● Input material:
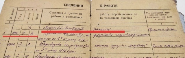 А 02 апреля 1946 года(т.е на следующий день) все приняты на работу в Курортное управление "Отрадное" (фото 2).
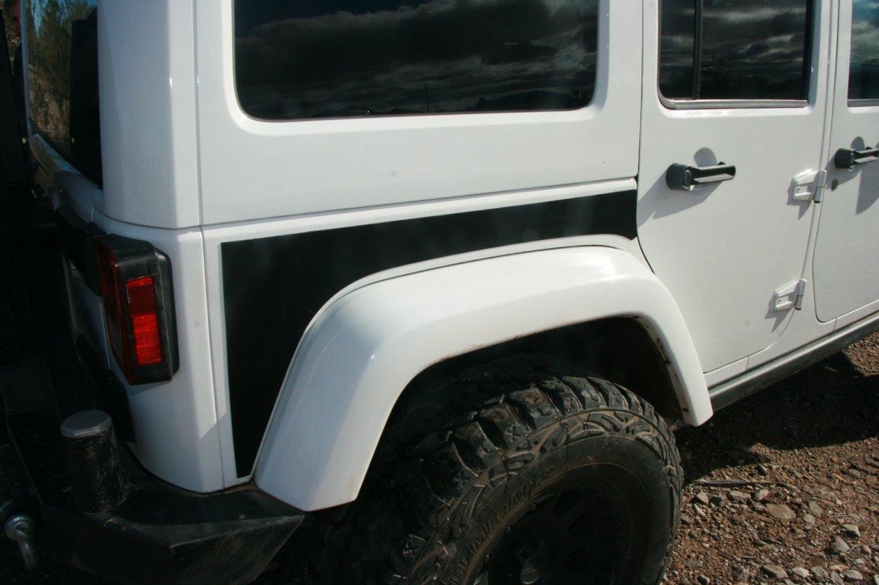 The magnetic panels are designed to take a beating on the trail and still adhere to your Jeep’s metal skin. For transportation, they roll up and can be kept stored in their original box. While driving to and from the trails or malls, do not leave them on at speeds exceeding 55 mph. Above that speed, occasional side winds or wind shear due to large trucks or buses, could dislodge a panel sufficiently to allow the wind to peel it off your Jeep.
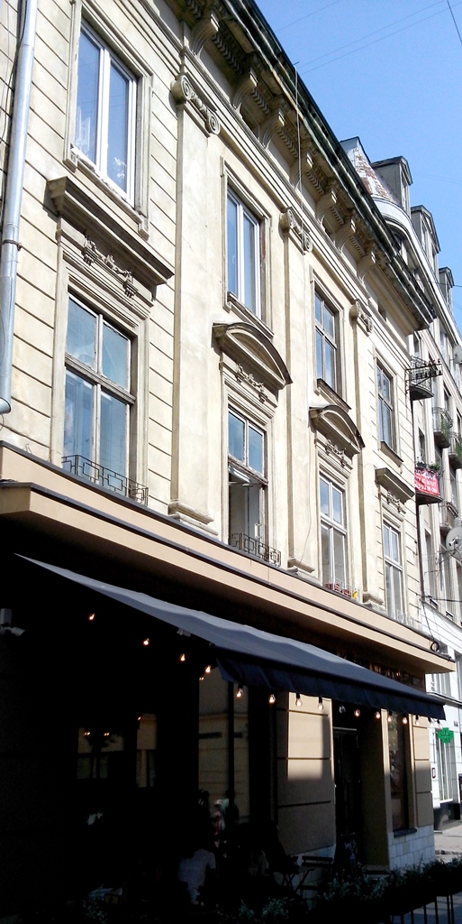 Будинок розташований у середміському кварталі, обмеженому вул. Галицькою, Староєврейською, Сербською і Братів Рогатинців. Триповерховий, чотиривіконний, із входом від вул. Братів Рогатинців, 9. Партеровий ярус не розчленований, верхні – оздоблені пілястрами іонійського ордеру, бічні площини – дощатим рустом. Вікна декорують прості та лучкові сандрики, фасад увінчаний карнизом і антаблементом із консолями. Пивниці склеплені.
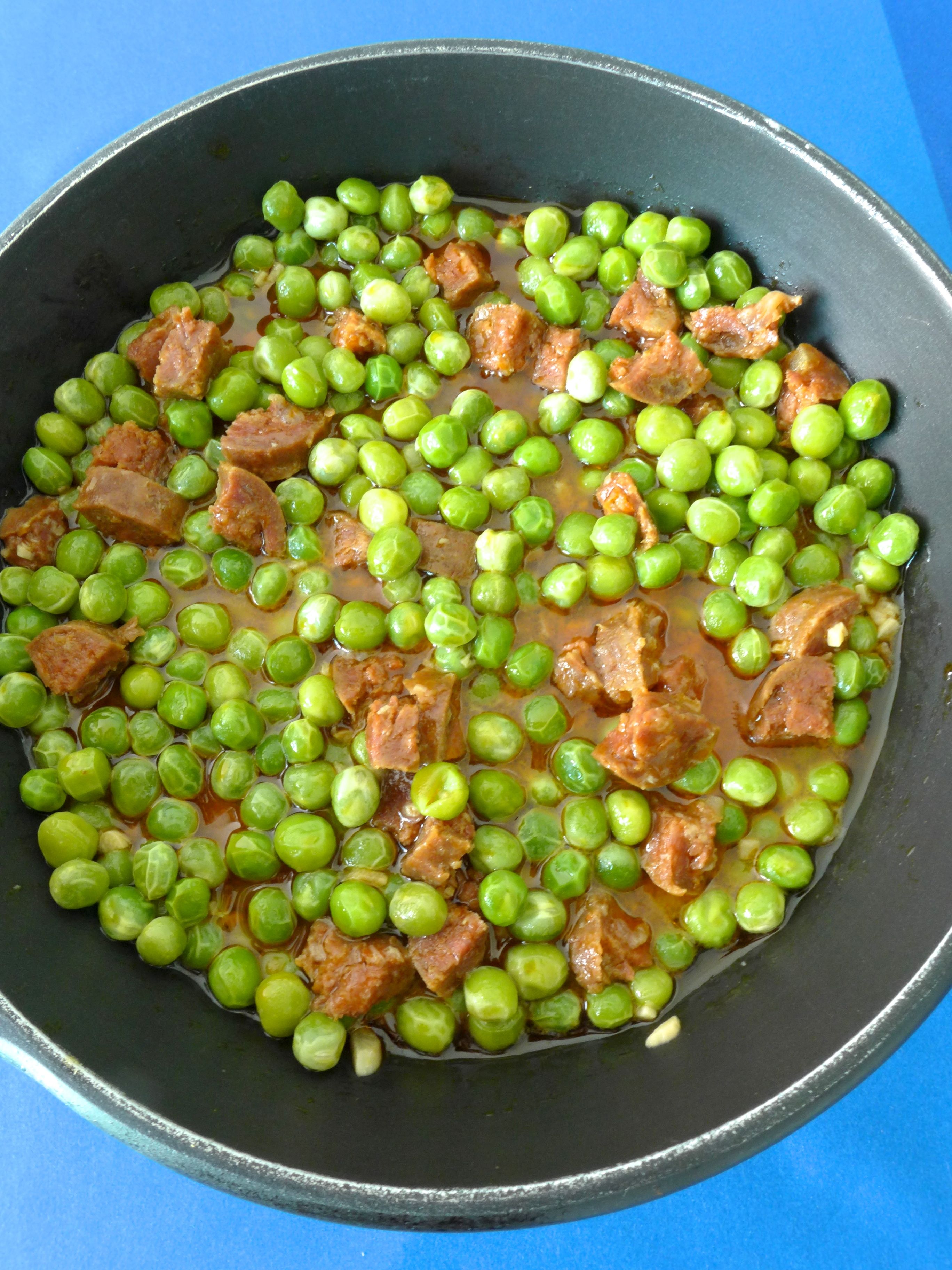 Pongo a hervir agua con sal. Cuando rompe a hervir, echo los guisantes y los dejo cocer a fuego medio-bajo hasta que se ablandan (una media hora).
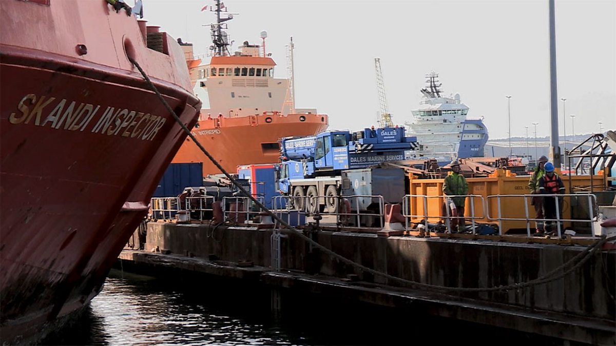 The Skandi Inspector squeezes into the dry dock for its MOT at Aberdeen Harbour.
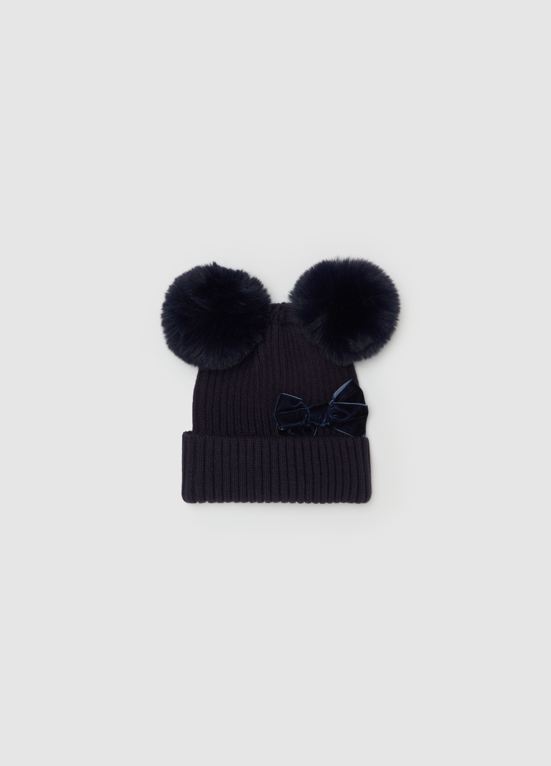 Blue knit cap with pon pon and bow, perfect for women looking for a casual and sporty look for spring. Made with high quality materials, it guarantees warmth and comfort during cooler days. Add a touch of style to your outfit with this versatile and fashionable accessory. Suitable for all informal occasions, from weekends in the countryside to walks in the city.
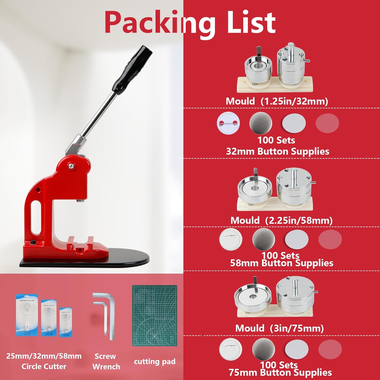 Sturdy and Durable Button Machine for All SizesOur button press machine kit comes with 2 replaceable button-models 32mm and 58mm to meet your needs of different sizes. You can also buy button-models of other sizes to install and use separately. With this button making machine you own the button world.
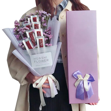 白色雾面纸+紫色韩素纸扇形包装,紫色缎带束扎,长方形礼盒装(颜色随机)花语:对你的爱就像辣条一样火辣辣附送:
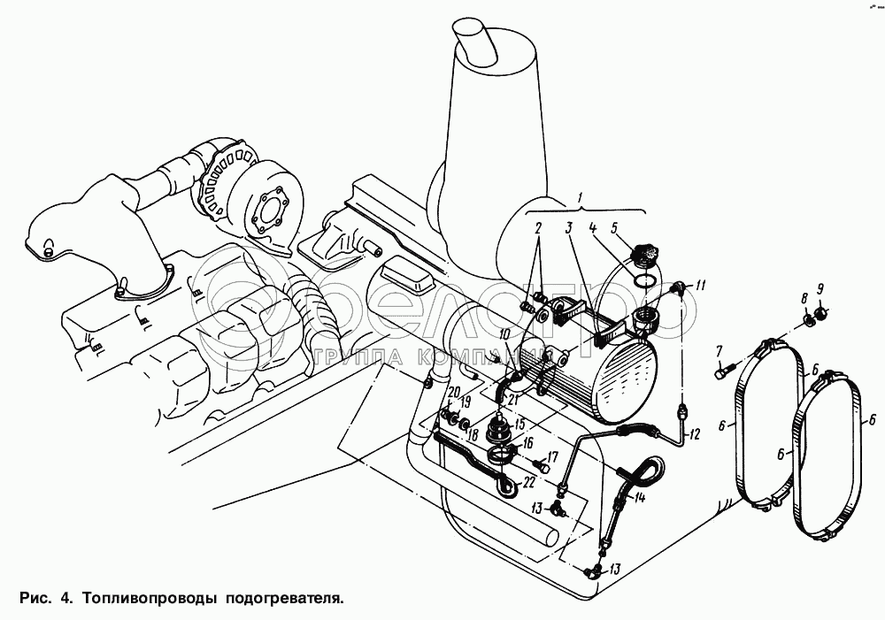 Каталог запасных частей к технике: МАЗ-64221. Топливопроводы подогревателя
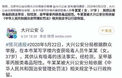 2020年6月,牛萌萌因为聚众吸毒被抓,从此被封杀。
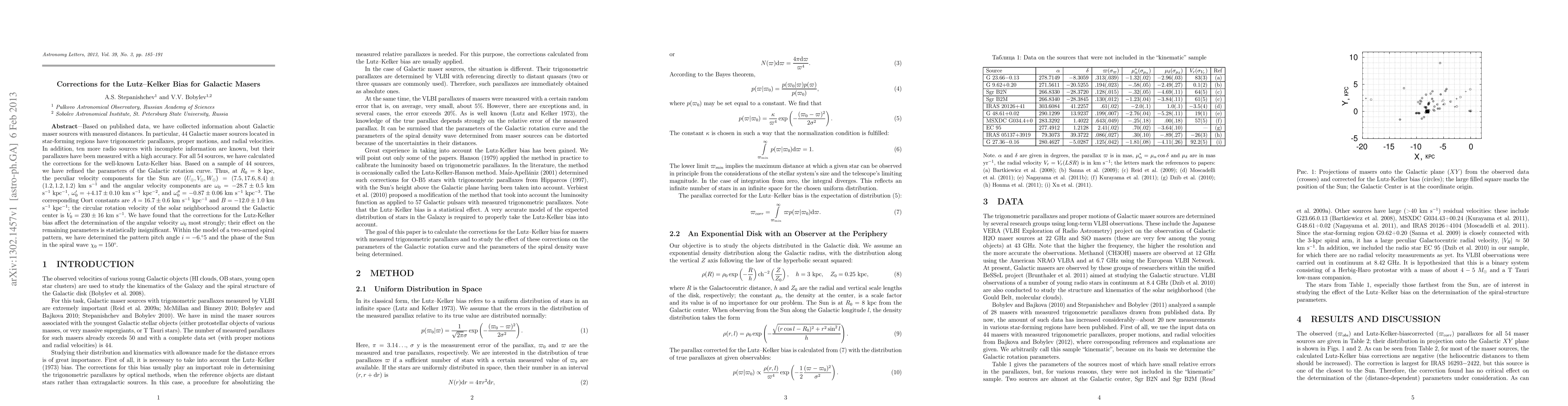 Researchers have corrected for the Lutz-Kelker bias in Galactic maser sources to refine the parameters of the Galactic rotation curve, including the peculiar velocity components and Oort constants at the Sun's location.

● Work task:
Repeat exactly the lines above, from the line that contains "The magnetic panels" down through the line that contains "Будинок розташований у". Include both of those lines and none of the pictures.

● Solution to the problem:
 The magnetic panels are designed to take a beating on the trail and still adhere to your Jeep’s metal skin. For transportation, they roll up and can be kept stored in their original box. While driving to and from the trails or malls, do not leave them on at speeds exceeding 55 mph. Above that speed, occasional side winds or wind shear due to large trucks or buses, could dislodge a panel sufficiently to allow the wind to peel it off your Jeep.
 Будинок розташований у середміському кварталі, обмеженому вул. Галицькою, Староєврейською, Сербською і Братів Рогатинців. Триповерховий, чотиривіконний, із входом від вул. Братів Рогатинців, 9. Партеровий ярус не розчленований, верхні – оздоблені пілястрами іонійського ордеру, бічні площини – дощатим рустом. Вікна декорують прості та лучкові сандрики, фасад увінчаний карнизом і антаблементом із консолями. Пивниці склеплені.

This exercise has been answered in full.